Under this statute, the moving party must show: (1) a change in the circumstances of the child or custodian; (2) that a modification would serve the best interests of the child; (3) that the child's present environment endangers her physical or emotional health or emotional development; and (4) that the harm to the child likely to be caused by the change of environment is outweighed by the advantage of change. Abbott v. Abbott, 481 N.W.2d 864, 868 (Minn. App. 1992) (quoting Itasca County Soc. Servs. ex rel. Hall v. David, 379 N.W.2d 700, 703 (Minn. App. 1986).
Appellant argues that respondent's home is devoid of a nurturing atmosphere; there is no structure or routine; and Jennifer has no meaningful relationship with respondent. Appellant points to the following as changed circumstances: Jennifer has grown older; she has a distant relationship with respondent; and her siblings have outgrown her. Characterizing Jennifer's home environment as one of benign neglect, appellant contends that there is a strong inference to be drawn that Jennifer's emotional health or emotional development is in danger. Appellant also contends that respondent's unwarranted interference with visitation supports a custody modification.
The evidence adduced at trial, particularly the testimony of Jennifer herself, amply
supports the trial court's conclusions that Jennifer has a strong family support system in respondent's household and that she is in no danger. The endangerment necessary for a custody modification requires a showing "that a significant change of circumstances had occurred that endangered" the child's health. Ross v. Ross, 477 N.W.2d 753, 755 (Minn. App. 1991). In order to find that Jennifer was in danger, this court would be required to reject the very evidence the trial court found to be credible and persuasive. It is for the fact-finder to assess credibility. State ex rel Trimble v. Hedman, 291 Minn. 442, 456, 192 N.W.2d 432, 440 (1971).
Additionally, we conclude that, in light of Jennifer's positive home life with respondent, her preference to live with appellant is not controlling. See Roehrdanz v. Roehrdanz, 438 N.W.2d 687, 691 (Minn. App. 1989) (holding that a child's preference alone was not sufficient evidence of endangerment) reviewed denied (Minn. June 21, 1989). The evidence demonstrates that Jennifer's emotional well-being is not endangered in the current custodial situation, and, under the circumstances of this case, her preference to live with appellant is an insufficient basis for a custody modification.

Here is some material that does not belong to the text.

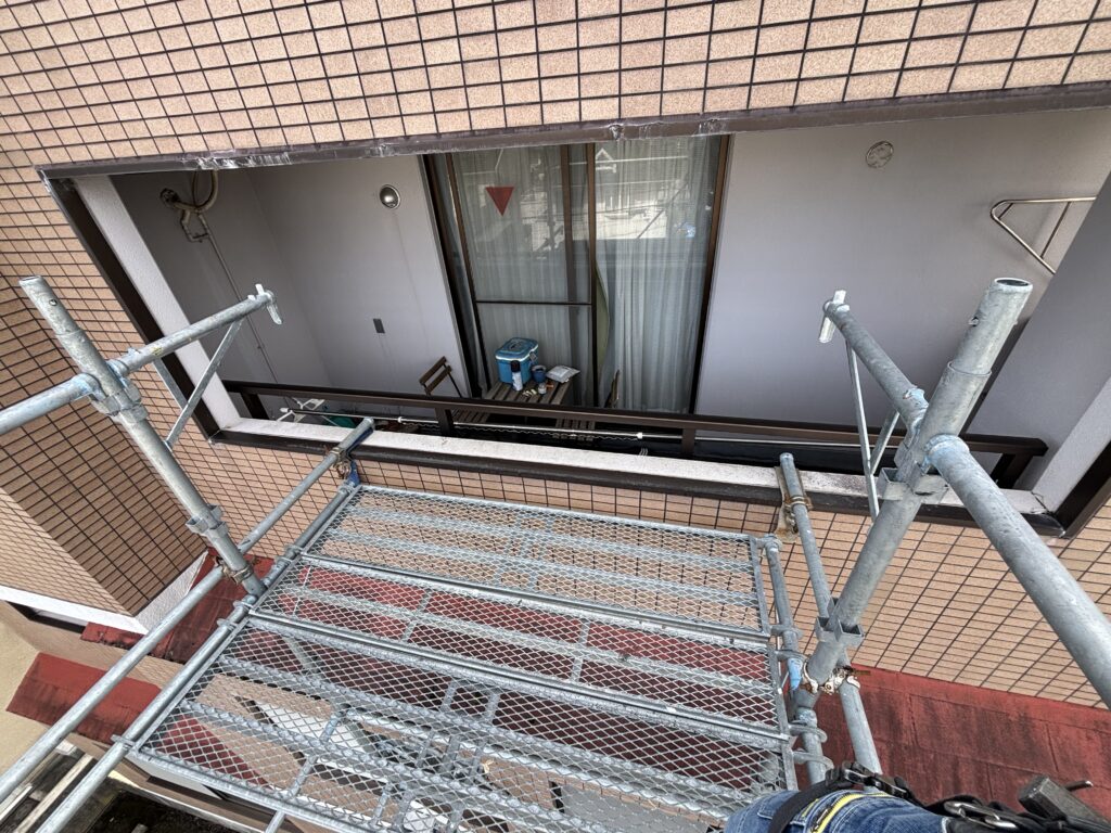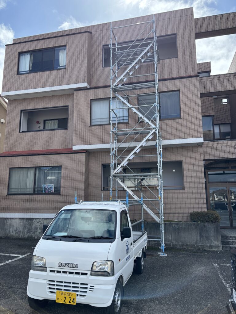 今回は金沢市内にて、三階ベランダの雨漏り工事に伴う昇降足場の組立を行いました。
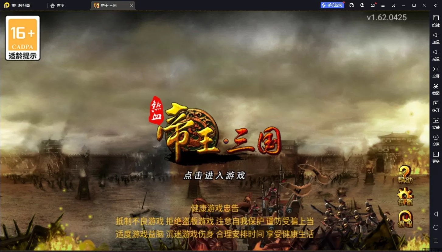 帝王三国电脑版是借助安卓模拟器而运行的一款以三国为题材的策略战争游戏,在游戏中玩家可以自由选择一方势力加入,在取得城池成为城主之后还可以建立自己的国家,不断占领敌国城池扩大自己的版图,最终统一天下。在游戏里还拥有将领、装备、建筑、兵种、国家、战略、师徒等多种玩法系统,只为带给玩家惊险刺激的三国万人国战。

Because the evidence supports the district court's finding that Jennifer was not endangered, this court need not address the other elements of custody modification. See Niemi v. Schachtschneider, 435 N.W.2d 117, 119 (Minn. App. 1989) (endangerment is a threshold issue for custody modifications).
Appellant claims that respondent interfered with visitation on numerous occasions. Respondent admits he put one limitation on visitation. On appeal, appellant claims the trial court erred by ignoring respondent's denial of and interference with her visitation.
See Minn. Stat. § 518.18(d) (unwarranted denial of or interference with visitation supports modifying custody). The trial court did not specifically address this claim. It did, however, address it indirectly by stating that appellant's poor judgment in exposing the children to certain situations, presumably referring to Weerts, poses a very real threat to the "children's well-being."
Generally, under Minn. Stat. § 518.18(d), interference with visitation can be used to support a custody modification. The facts here, however, suggest that respondent's interference with visitation was minimal and for the ostensible purpose of protecting Jennifer and her siblings. Further, to support the finding of endangerment necessary for a custody modification, unwarranted denial of or interference with visitation requires evidence of actual adverse effects on the child. Dabill v. Dabill, 514 N.W.2d 590, 595-596 (Minn. App. 1994). Here there was no finding that respondent's interference with visitation adversely affected Jennifer. Indeed, the district court's findings suggest that if respondent had not interfered with visitation the children might have been endangered. Under these facts, any failure by the trial court to further consider respondent's interference with visitation was harmless. See Minn. R. Civ. P. 61 (harmless error to be ignored).